__What is needed__. Except for the images, repeat the entries below word for word.

Stored records:
******************************
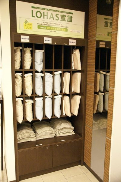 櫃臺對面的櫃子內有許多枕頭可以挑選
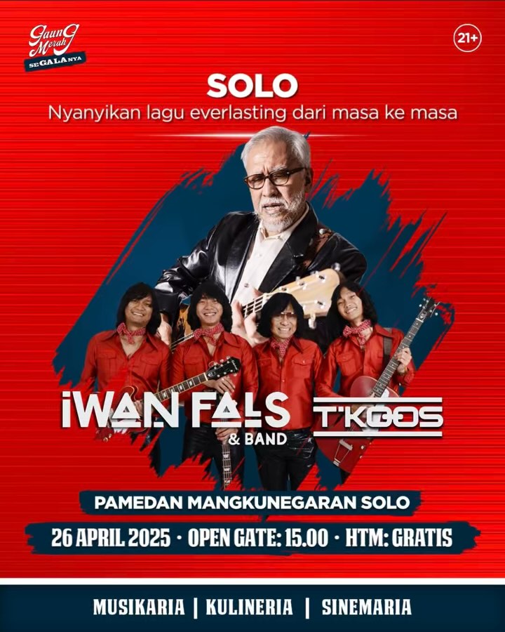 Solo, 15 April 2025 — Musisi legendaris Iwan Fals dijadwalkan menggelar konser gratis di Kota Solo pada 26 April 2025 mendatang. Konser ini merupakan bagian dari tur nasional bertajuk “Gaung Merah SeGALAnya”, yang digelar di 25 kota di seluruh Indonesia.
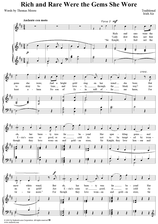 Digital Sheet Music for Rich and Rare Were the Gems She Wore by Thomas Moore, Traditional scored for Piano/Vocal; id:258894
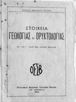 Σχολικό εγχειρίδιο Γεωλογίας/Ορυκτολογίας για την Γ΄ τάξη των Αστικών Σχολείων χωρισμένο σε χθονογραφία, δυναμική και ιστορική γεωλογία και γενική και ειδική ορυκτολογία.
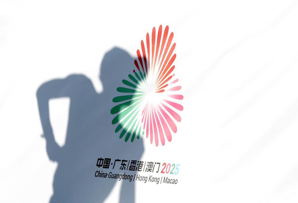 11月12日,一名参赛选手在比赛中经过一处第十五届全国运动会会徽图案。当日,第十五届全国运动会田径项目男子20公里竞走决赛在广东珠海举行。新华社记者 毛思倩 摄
******************************
__Your solution__.
 櫃臺對面的櫃子內有許多枕頭可以挑選
 Solo, 15 April 2025 — Musisi legendaris Iwan Fals dijadwalkan menggelar konser gratis di Kota Solo pada 26 April 2025 mendatang. Konser ini merupakan bagian dari tur nasional bertajuk “Gaung Merah SeGALAnya”, yang digelar di 25 kota di seluruh Indonesia.
 Digital Sheet Music for Rich and Rare Were the Gems She Wore by Thomas Moore, Traditional scored for Piano/Vocal; id:258894
 Σχολικό εγχειρίδιο Γεωλογίας/Ορυκτολογίας για την Γ΄ τάξη των Αστικών Σχολείων χωρισμένο σε χθονογραφία, δυναμική και ιστορική γεωλογία και γενική και ειδική ορυκτολογία.
 11月12日,一名参赛选手在比赛中经过一处第十五届全国运动会会徽图案。当日,第十五届全国运动会田径项目男子20公里竞走决赛在广东珠海举行。新华社记者 毛思倩 摄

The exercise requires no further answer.